◆ Description of the task
Pictures must not appear; the answer is exactly the lines from the one that holds "据了解,截至2022年12月" through the end of the material.

◆ Excerpted records
--------------------------------

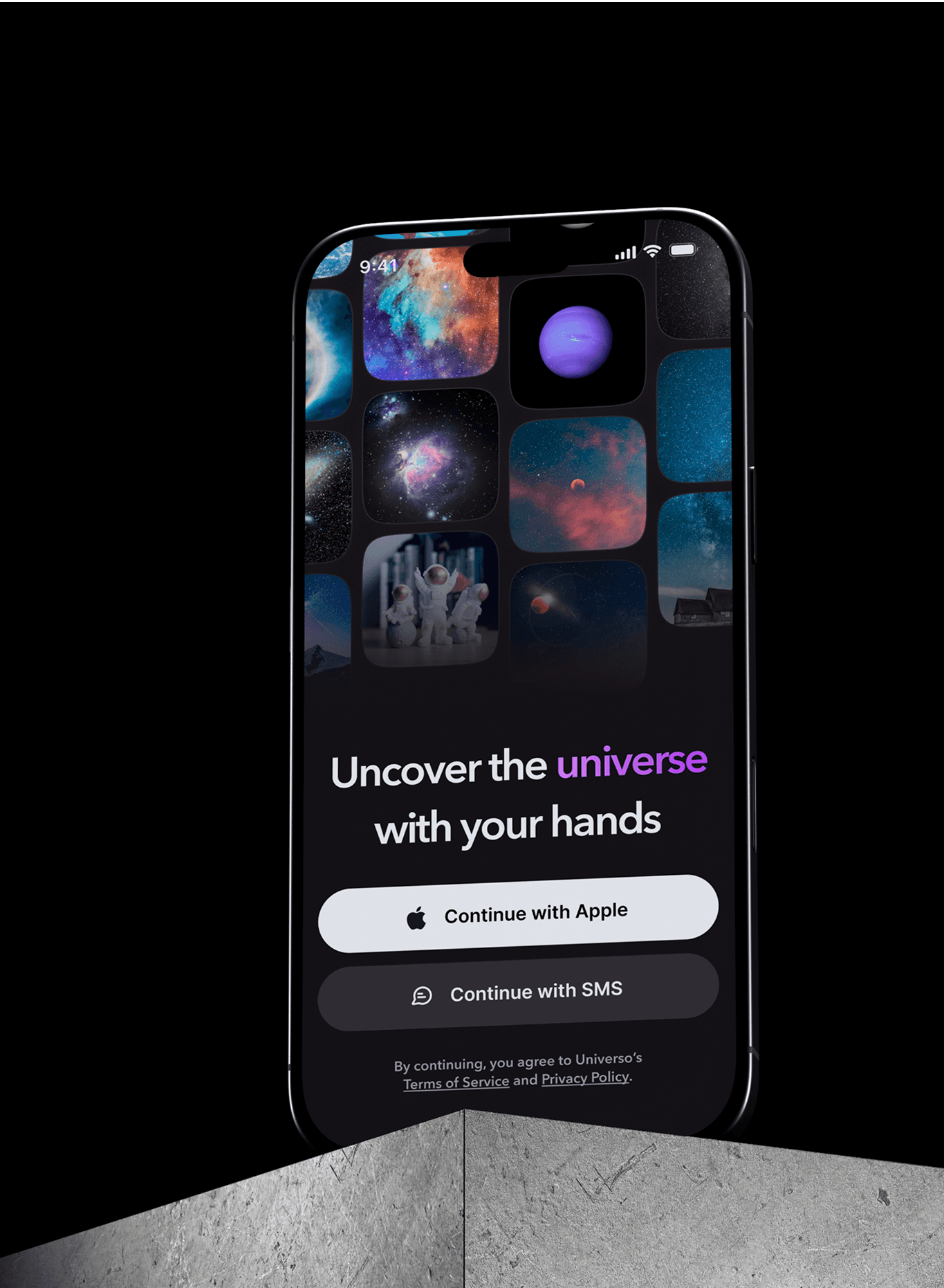 A mobile app login concept for an app that connects people who love the universe.
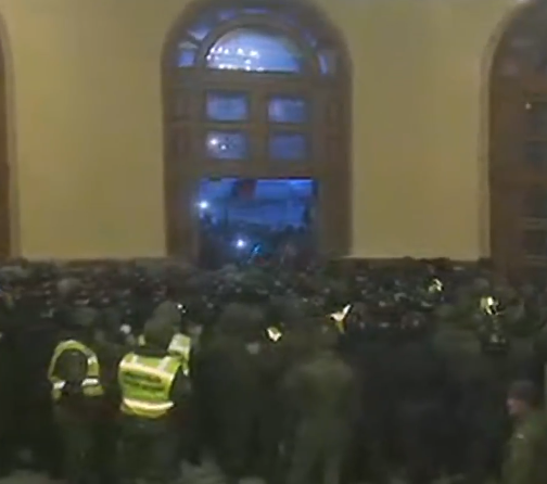 Возле него возникла давка - полиция не пускала  протестующих внутрь. Произошли потасовки, правоохранители распыляли газ, а митингующие разбили окна.
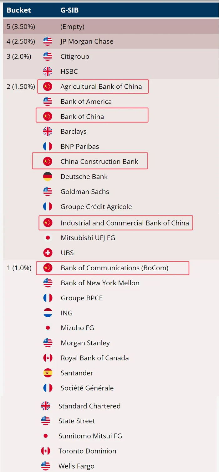 G-SIBs把入围的29家银行按照重要性从低到高分为五组,第五组为最高等级,第一组为最低等级,今年第五组仍然空缺,第四组只有一家银行,就是摩根大通(JP Morgan Chase),第三组有两家,分别是花旗(Citigroup)与汇丰(HSBC)。
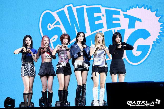 16일 이프아이(카시아, 라희, 원화연, 사샤, 태린, 미유)는 서울 용산구 블루스퀘어 SOL 트래블홀에서 두 번째 미니앨범 물결 '낭' Pt.2 'sweet tang(스윗탱)' 발매 기념 쇼케이스를 개최했다.
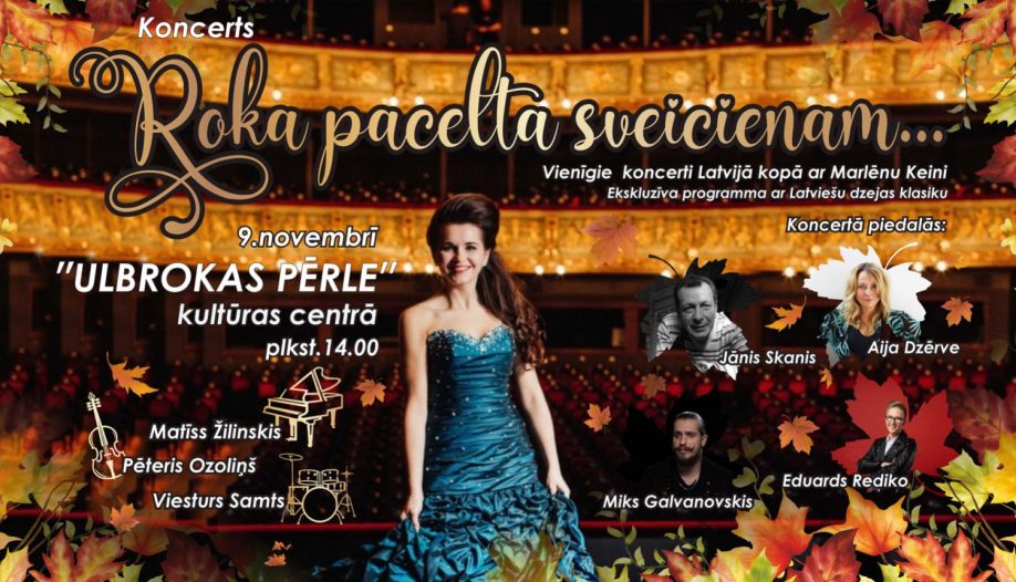9.novembrī plkst.14.00 kultūras centrā "Ulbrokas pērle" notiks koncerts "Roka pacelta sveicienam". Uz kādu laiku Latvijas Nacionālās operas soliste Marlēna Keine teiks savai mīļajai Latvijai: “Uz drīzu tikšanos!”, taču kā skaistu dāvanu viņa atstās šo koncertprogrammu. Tā būs vesela krāsu palete, kurā satiksies mūzika, balss un dzeja, pārvēršot šo muzikālo gleznu par kaut ko patiesi īpašu.
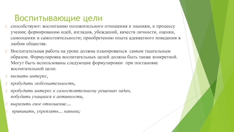 Воспитательная работа на уроке должна планироваться самым тщательным образом. Формулировка воспитательных целей должна быть также конкретной. Могут быть использованы следующие формулировки при постановке воспитательной цели:
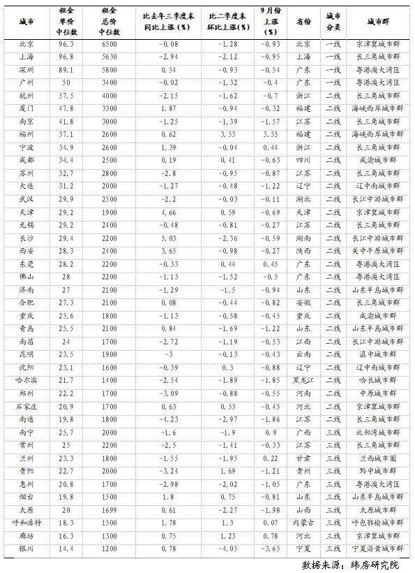 二線城市三季度住房租金掛牌價總體下降,少數(shù)城市租金微漲
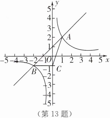 13. 如图,反比例函数$y= \frac{k}{x}的图像与一次函数y= x+b的图像交于A$、$B$两点,点$A和点B$的横坐标分别为1和$-2$,这两点的纵坐标之和为1。
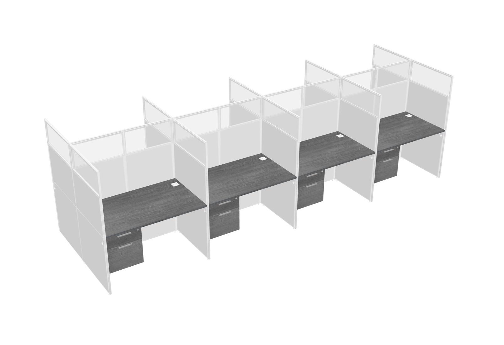 Grey Shared Rectangular Office Cubicle Panel System With Hanging Drawers For 8 Persons
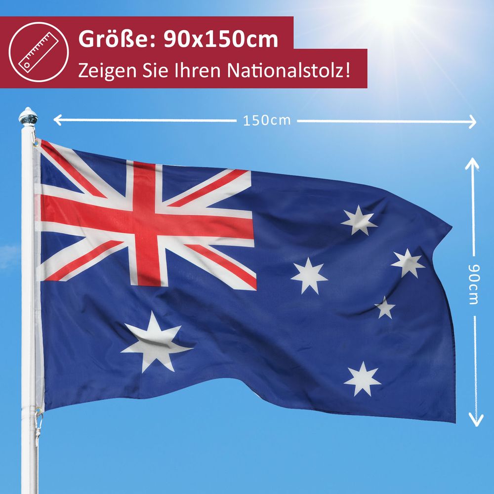 Australien Flagge Großformat 250 X 150 Cm Wetterfest Hissfertig mit drei Messingösen zum Aufziehen am Mast , Hohe Farbbrillanz Produktbeschreibung Australien Flagge - Großformat: 250 x 150 cm - wetterfest Set enthält: 1, Maße: ca., 150 x 250 cm , 100% reißfestes Polyester FLAGGE AUSTRALIEN 150x90cm - AUSTRALISCHE FAHNE 90 x 150 cm scheide für Mast - flaggen AZ FLAG feiner polyester. Flagge Australien ist mit scheide für Mast und werden aus feiner Polyester produziert Flaggenfritze Fahne/Flagge Australien - 150 x 250 cm + gratis Sticker, XXL-Fahne - Kostenloser Versand ab 29€. Jetzt bei bestellen Australien Ozeanien | Flaggen 90 x 150 cm | Shop - Flaggen und Fahnen Flagge Australien ist mit scheide für Mast und werden aus feiner Polyester produziert.
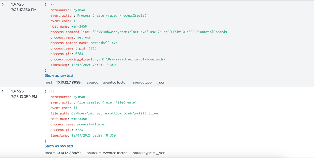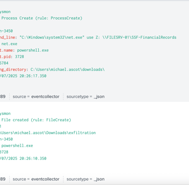 Sysmon Logs: System monitoring logs from machines in the network to detect process creations, modifications, and other system-level events.
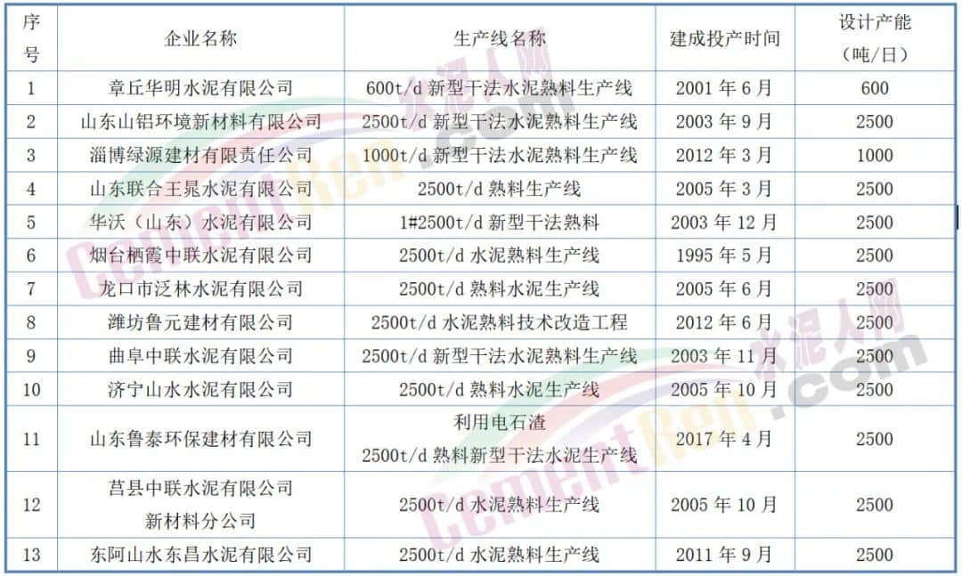 据了解,截至2022年12月31日山东省内共有85条熟料生产线,其中2500t/d及以下生产线13条,包含山东鲁泰环保建材有限公司一条利用电石渣2500t/d熟料新型干法水泥生产线。
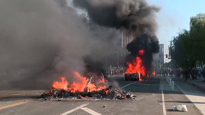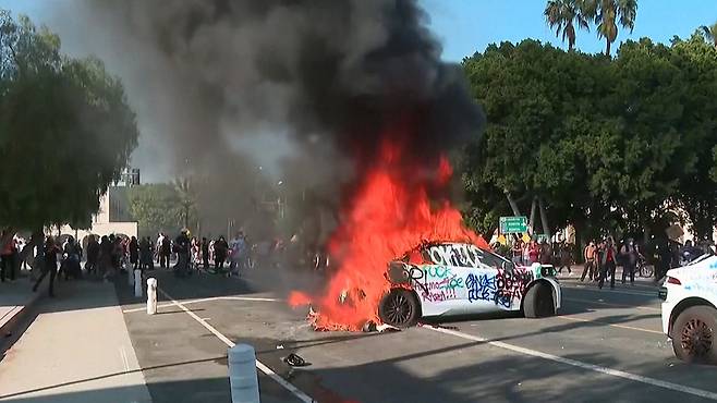 시위대 일부는 LA 현지의 자율 주행 자동차 '웨이모'를 부수고 불을 지르기도 했습니다.
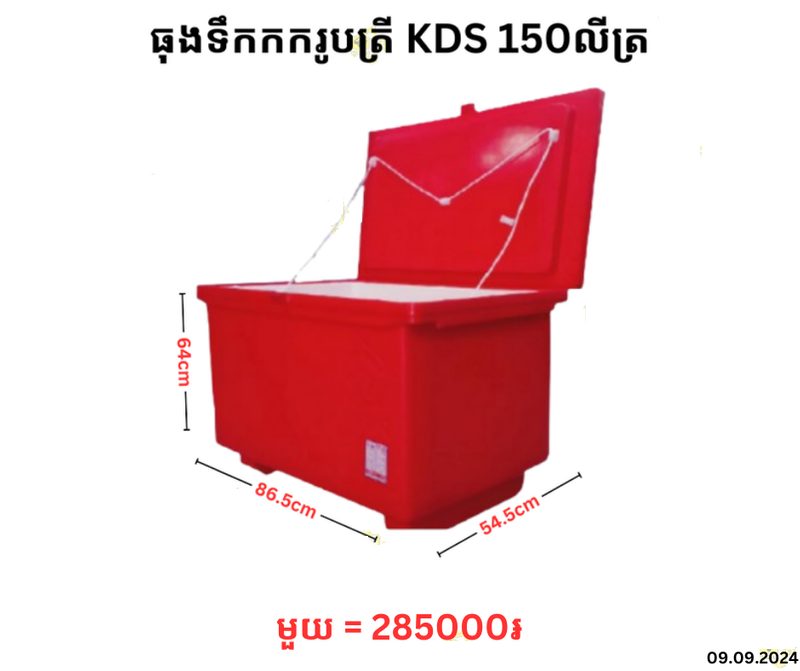 ធុងទឹកកករូបត្រី KDS 150លីត្រ December 22, 2025 Posted in 28500, TTK, ធុងទឹកកក, ធុងទឹកកករូបត្រី, ធុងទឹកកករូបត្រី KDS
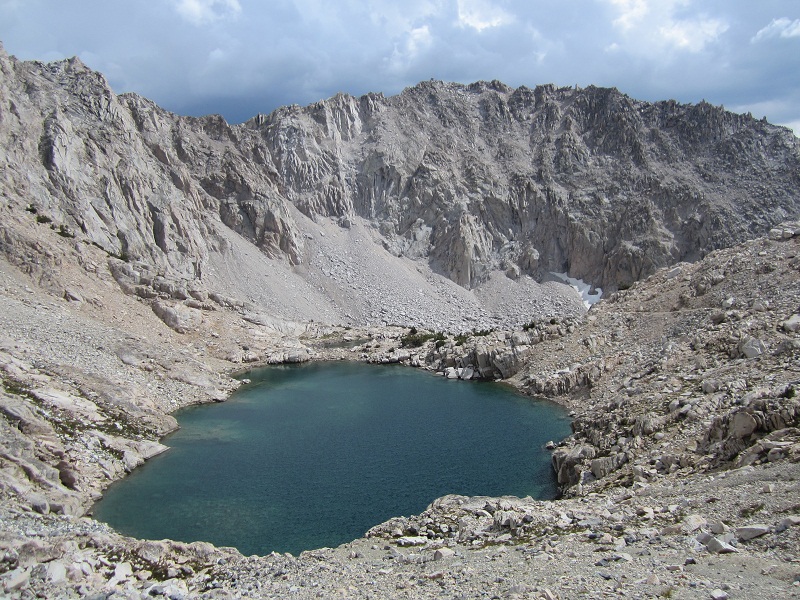 This lake is immediately below Forester Pass (not shown in this picture). From here it is a steep but relatively short walk to the pass. Note how quickly the clouds have changed. I need to decide if I should attempt to go over Forester, or just hunker down here. I decide to go for it. [091] |
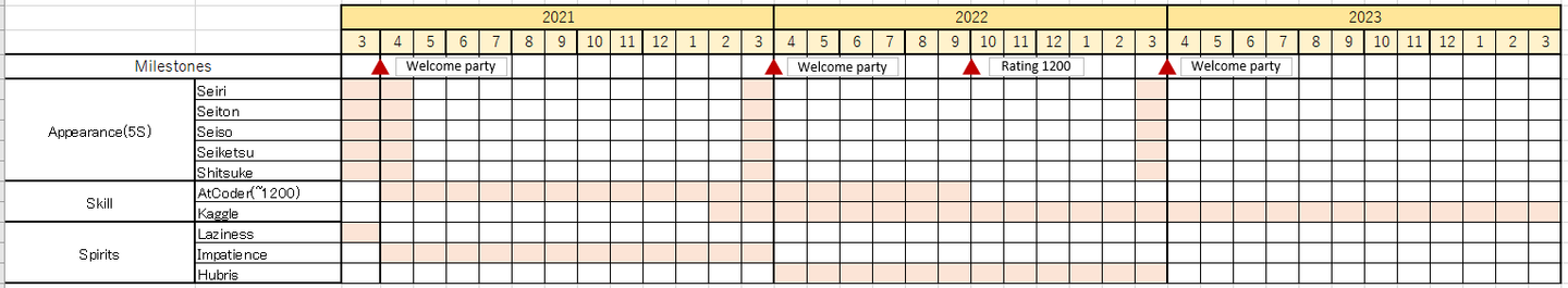 清:最後に、WBSを作成して長期的なMさんの最強プログラマー化計画を考えてみましょう。最短のマイルストーンを4/1に設定して、そこから半年、1年、3年くらいの時間軸でどのように行動すべきかを考えていきます。
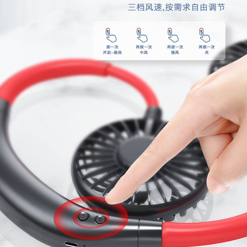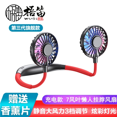 【超值单品】【带彩灯+香薰】第三代旗舰款7叶片挂脖风扇USB充电型【塑料+硅胶/黑红色】 |
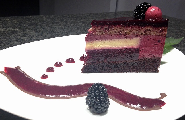 Szeletenként szedermousse félgömbökkel, szederszemekkel díszítjük.
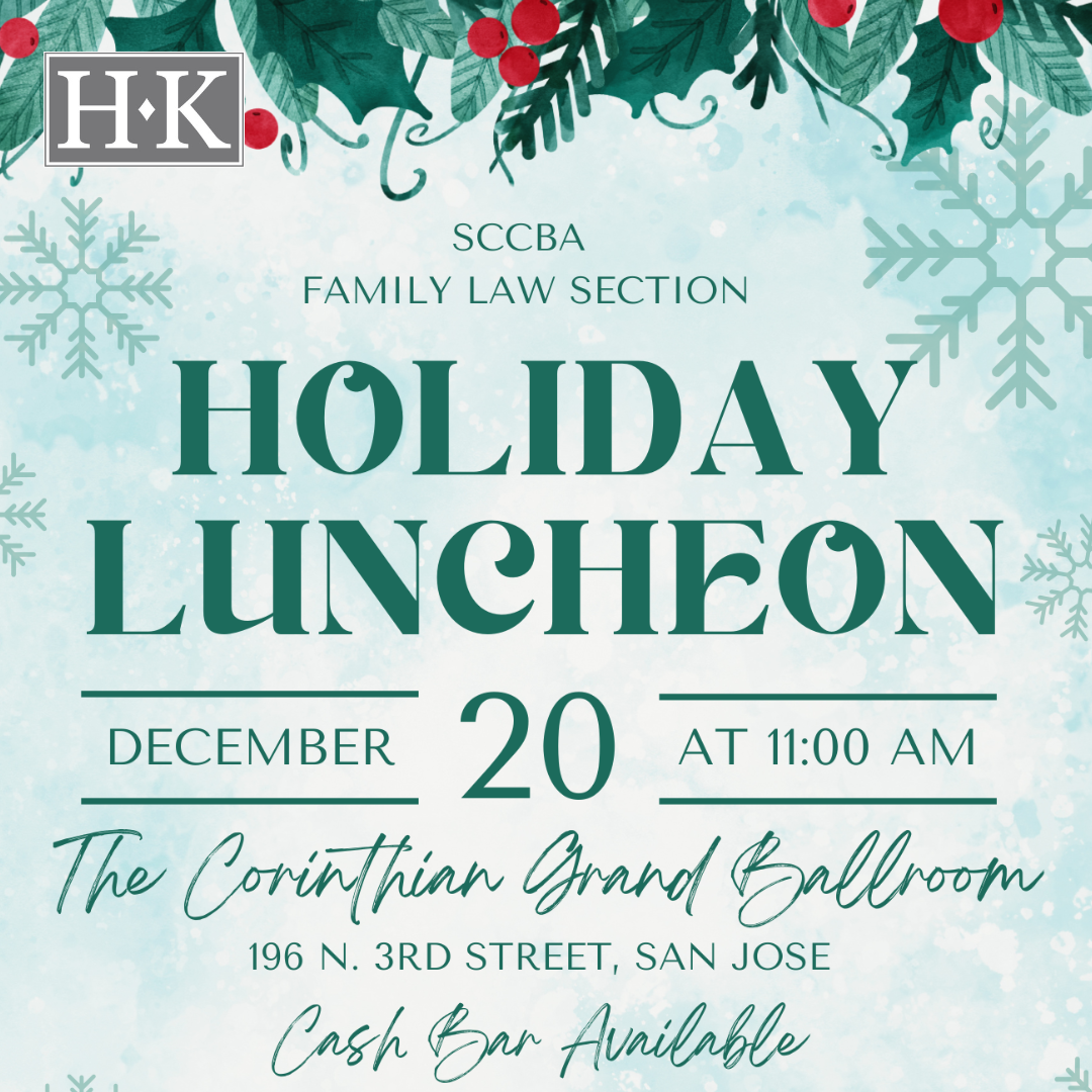 We are delighted to sponsor the Santa Clara County Bar Association (SCCBA) Family Law Section Holiday Luncheon on Friday, December 20, 2024! This festive event will take place from 11AM to 2PM at the elegant Grand Corinthian Ballroom in downtown San Jose. As a proud supporter of the SCCBA and its commitment to advancing the legal profession, we look forward to celebrating the holiday season alongside esteemed colleagues and friends in the family law community.
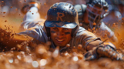 Baseball player diving to base during exciting game
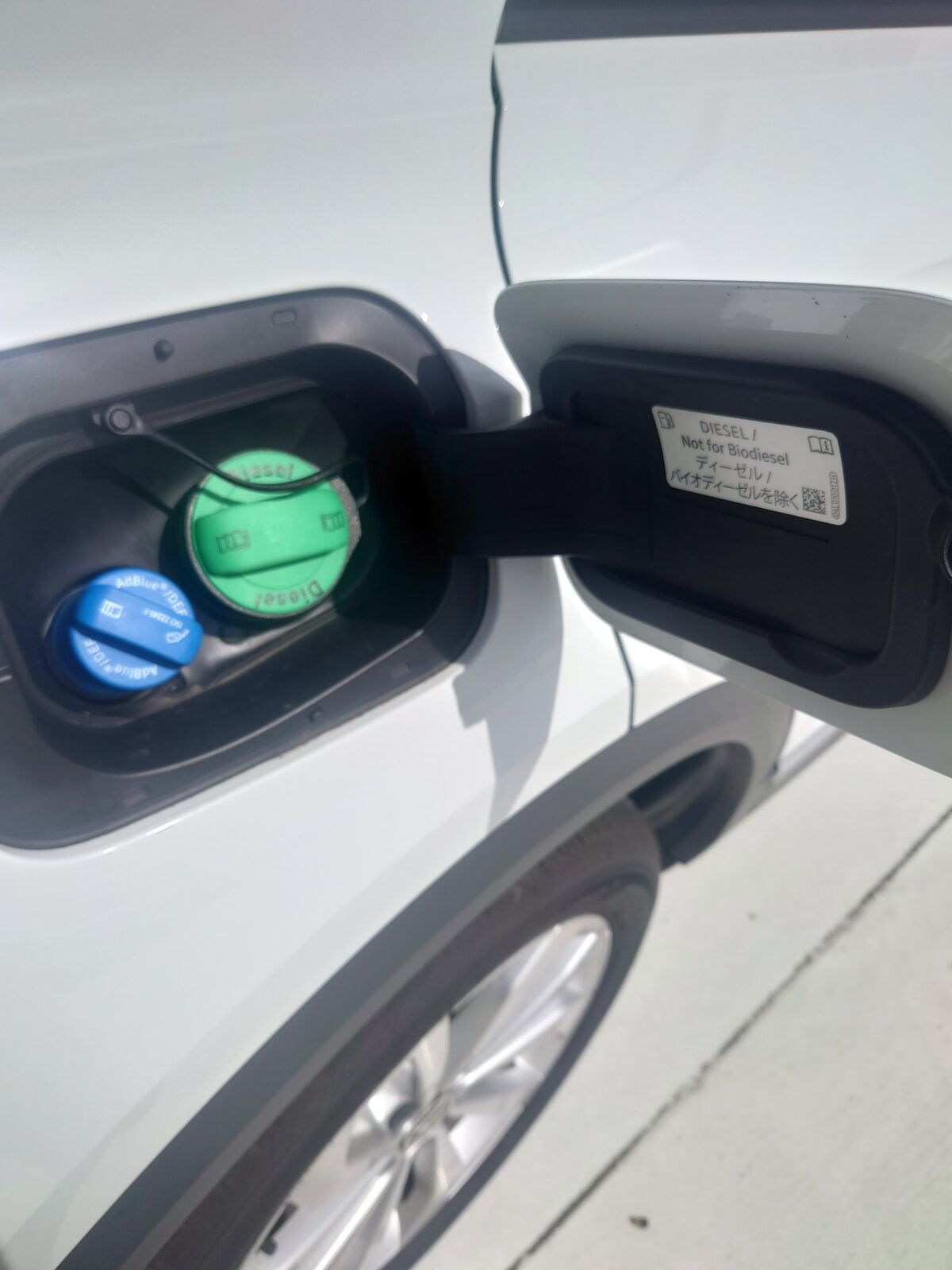 ディーゼル車の給油口は大体こんな感じ。わかりやすく緑のフタになってます。

--------------------------------

◆ Solution to this problem
 据了解,截至2022年12月31日山东省内共有85条熟料生产线,其中2500t/d及以下生产线13条,包含山东鲁泰环保建材有限公司一条利用电石渣2500t/d熟料新型干法水泥生产线。
 시위대 일부는 LA 현지의 자율 주행 자동차 '웨이모'를 부수고 불을 지르기도 했습니다.
 ធុងទឹកកករូបត្រី KDS 150លីត្រ December 22, 2025 Posted in 28500, TTK, ធុងទឹកកក, ធុងទឹកកករូបត្រី, ធុងទឹកកករូបត្រី KDS
 This lake is immediately below Forester Pass (not shown in this picture). From here it is a steep but relatively short walk to the pass. Note how quickly the clouds have changed. I need to decide if I should attempt to go over Forester, or just hunker down here. I decide to go for it. [091] |
 清:最後に、WBSを作成して長期的なMさんの最強プログラマー化計画を考えてみましょう。最短のマイルストーンを4/1に設定して、そこから半年、1年、3年くらいの時間軸でどのように行動すべきかを考えていきます。
 【超值单品】【带彩灯+香薰】第三代旗舰款7叶片挂脖风扇USB充电型【塑料+硅胶/黑红色】 |
 Szeletenként szedermousse félgömbökkel, szederszemekkel díszítjük.
 We are delighted to sponsor the Santa Clara County Bar Association (SCCBA) Family Law Section Holiday Luncheon on Friday, December 20, 2024! This festive event will take place from 11AM to 2PM at the elegant Grand Corinthian Ballroom in downtown San Jose. As a proud supporter of the SCCBA and its commitment to advancing the legal profession, we look forward to celebrating the holiday season alongside esteemed colleagues and friends in the family law community.
 Baseball player diving to base during exciting game
 ディーゼル車の給油口は大体こんな感じ。わかりやすく緑のフタになってます。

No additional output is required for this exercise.